Employment report March 2024

Beneath hot job growth, ongoing rebalancing

  • Continued hot job growth will reinforce the Fed’s cautious approach toward rate cuts as some Fed officials will likely see job growth as still too hot for comfort, but the details of the March jobs report offered welcome signs that labor demand and supply are better balanced, with the labor force participation rate rebounding and wage growth easing.

  • The economy added 303,000 jobs in March, well above consensus expectations, while prior estimates of job growth in January and February were revised up by a cumulative 22,000 jobs. Job gains were broad-based, with the private sector adding 232,000 jobs and the government sector adding 71,000 jobs. Health care and leisure and hospitality drove the increase in the services sector while goods employment picked up on a large increase in construction payrolls.

  • The unemployment rate fell back 0.1 percentage points (ppt) to 3.8% after reaching a two-year high in February, and it held below 4% for the 26thconsecutive month. Encouragingly, the labor force participation rate rebounded 0.2ppt to 62.7% after holding steady for three consecutive months, and it is now just a tad below its post-pandemic high of 62.8%. Stronger labor supply is encouraging as it acts as a relief valve against elevated wage pressures.

  • Following some volatility at the start of the year, wage pressures resumed their moderate pace with hourly earnings growing 0.3% month over month (m/m) in March. Thanks in part to favorable base effects, wage growth moderated 0.2ppt to 4.1% year over year (y/y). As labor demand and supply continue to rebalance, we see wage growth easing further and gradually converging toward 3.5% this year — a pace roughly consistent with the Fed’s 2% inflation target.

  • Moderating wage growth, along with slower demand for goods and services, easing rent inflation and reduced pricing power should lead to further core personal consumption expenditures (PCE) disinflation in the coming months. This should gradually solidify Fed officials’ confidence that inflation is moving sustainably toward the 2% target. While we continue to expect the onset of the Fed easing cycle in June and believe the Fed is likely to proceed with three rate cuts this year, reports like these may tilt some policymakers toward expecting fewer rate cuts in 2024 and a later onset of the easing cycle.

  • Amid rising cost fatigue — with households increasingly feeling the pinch from higher prices and interest rates — the job market remains a key support to the US consumer and the economy.
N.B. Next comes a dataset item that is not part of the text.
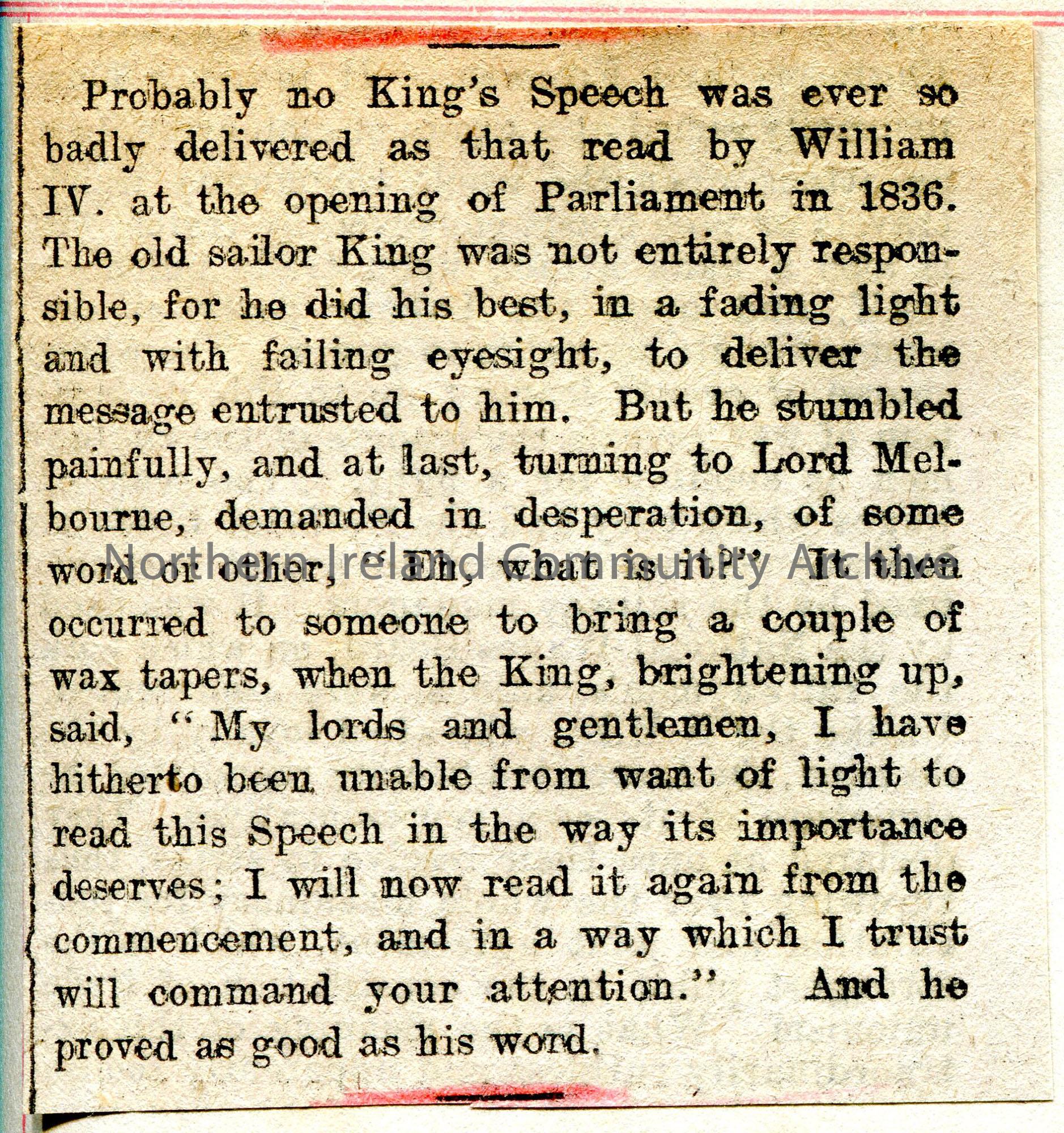 Small article cut from a newspaper re King William IV speech at opening of Parliament in 1836.
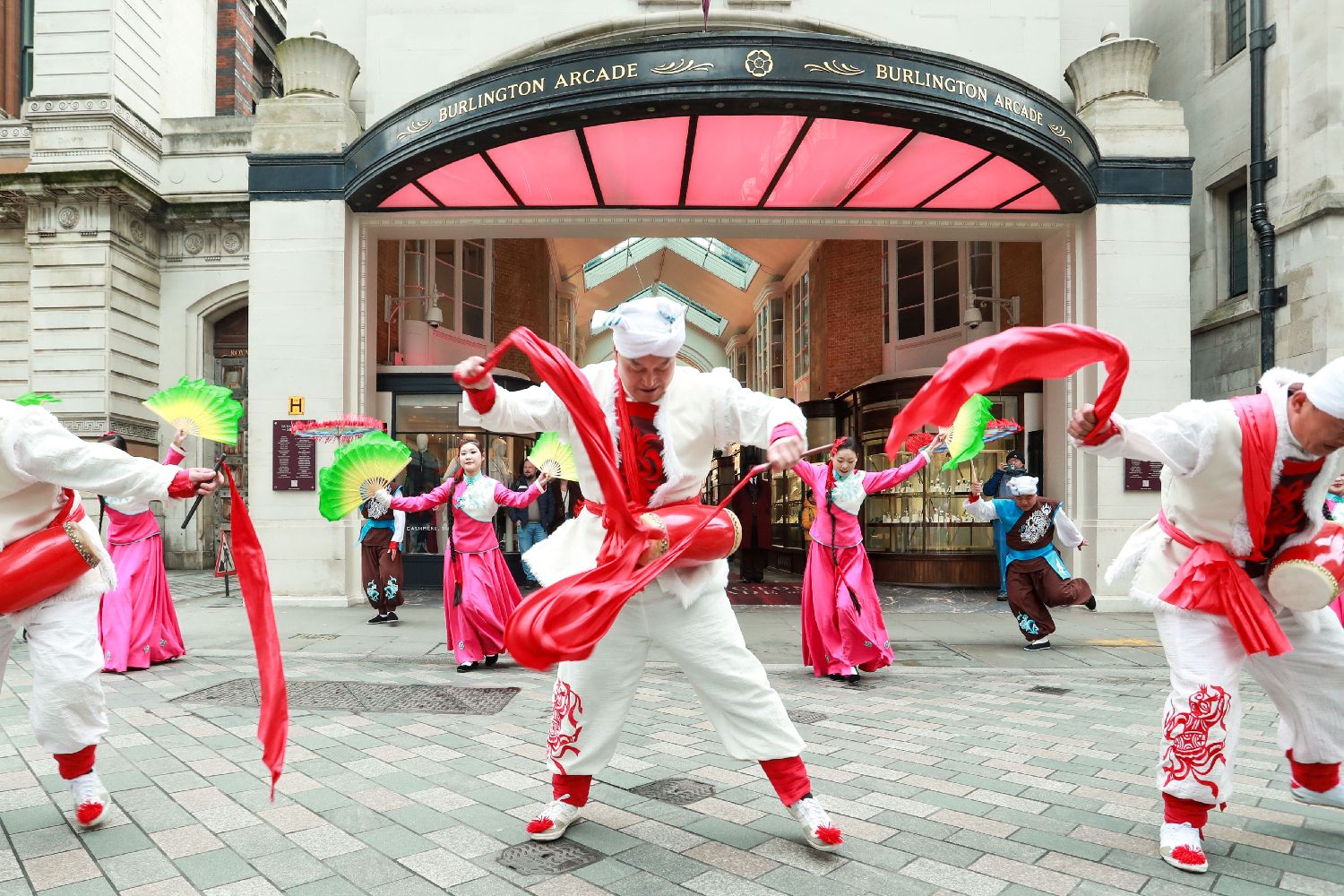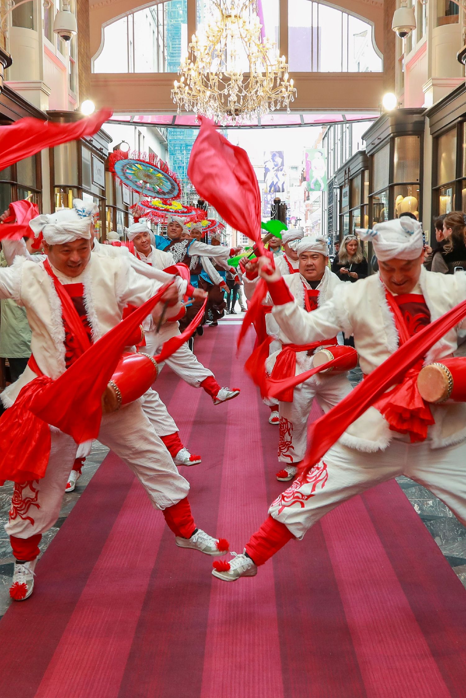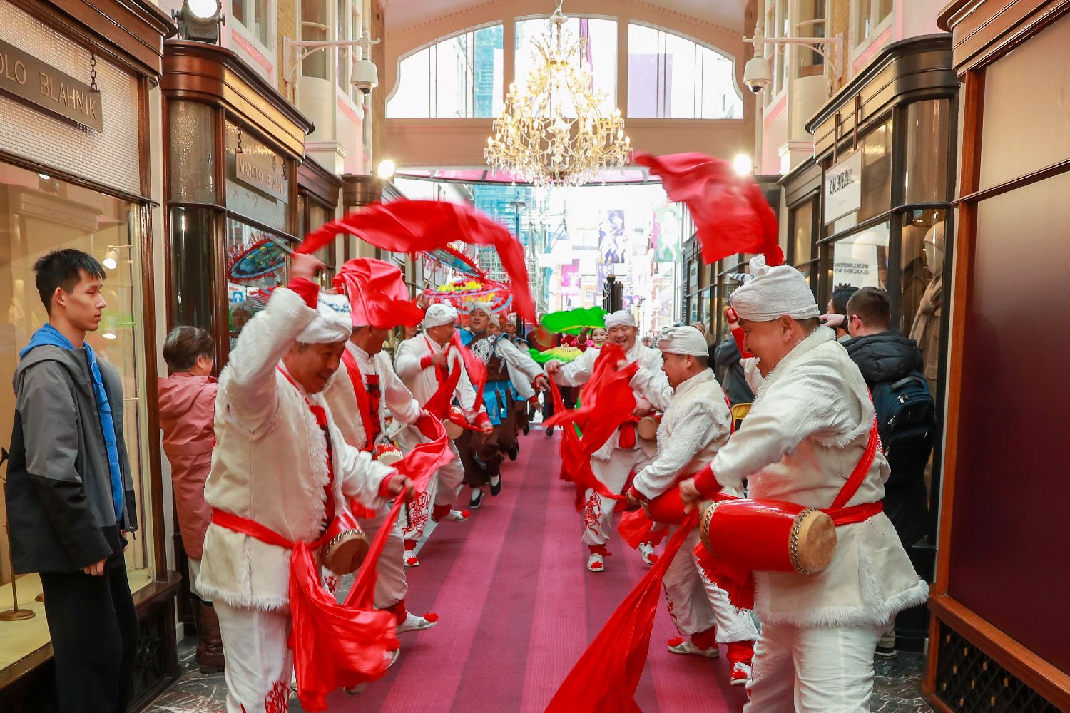 对这座以精致与安静著称的英式拱廊而言,铿锵鼓声与鲜艳服饰带来的视觉与听觉冲击颇为少见。表演从入口一路延展至拱廊内部,鼓点层层推进,舞步轻快有力,吸引不少游客驻足围观与拍摄。

Looking ahead though, we foresee softer labor market conditions, with cooler hiring and some continued moderation in nominal wage growth. We expect job growth to slow markedly over the course of the year, and we see the unemployment rate rising to 4.2% by year-end.
     

In the details
 

Employment growth in March remained broad-based, with the employment diffusion index — a measure of how many private sector industries are adding jobs — ticking up to 59.4%, which is roughly in line with the pre-pandemic average of 58.8% in 2019. The private sector added 232,000 jobs last month — the largest increase since May 2023 — and the government sector added 71,000 jobs. Factoring the upward payroll revisions in January and February, the private sector added an average of 212,000 jobs over the past three months.
 

Looking into the details, the health care sector continued to lead job creation as the lingering impact of the pandemic and acute labor shortages of health care practitioners is easing. Health care payrolls grew a robust 72,000, with hospitals payrolls (+27,000) remaining in a strong uptrend as hospitals are ramping up their hiring amid rising operating margins and revenues. Employment in ambulatory health care services (+28,000) also saw a robust gain while nursing and residential care facilities (+18,000) saw a moderate payroll increase. Overall, health care employment accounted for nearly a third (31%) of all private-sector jobs added in March.
 

The leisure and hospitality sector added 49,000 jobs in March, the most in five months. The increase was again driven by food services and drinking places (+28,000) while hiring in arts, entertainment and recreation (+18,000) picked up modestly.
 

Retail employment (+18,000) posted another solid increase, driven by general merchandise stores (+20,000). In contrast, transportation and warehousing (+1,000) payrolls surprised on the downside with a mere advance in March, weighed down by a decline in couriers and messengers (-1,000).
 

Government hiring remained a driving force of labor market strength. In March, the sector added 71,000 jobs led by solid hiring in local government (+49,000).
 

Pockets of softness remained visible in March. Professional and business services (+7,000) posted a weak payroll increase— below the average 26,000 gain in the prior three months — with temporary employment (-1,000) contracting. There were also signs of softness in the finance sector (+3,000) and in the information sector, which did not add any jobs last month.
 

On the goods front, the 42,000 increase was again entirely driven by construction employment, which rose by 39,000 jobs as manufacturing payrolls were unchanged. Factory hiring has remained sluggish over the past year as the sector faces challenges from weaker domestic and global demand for manufactured goods and higher borrowing costs.

The views reflected in this article are the views of the author(s) and do not necessarily reflect the views of Ernst & Young LLP or other members of the global EY organization.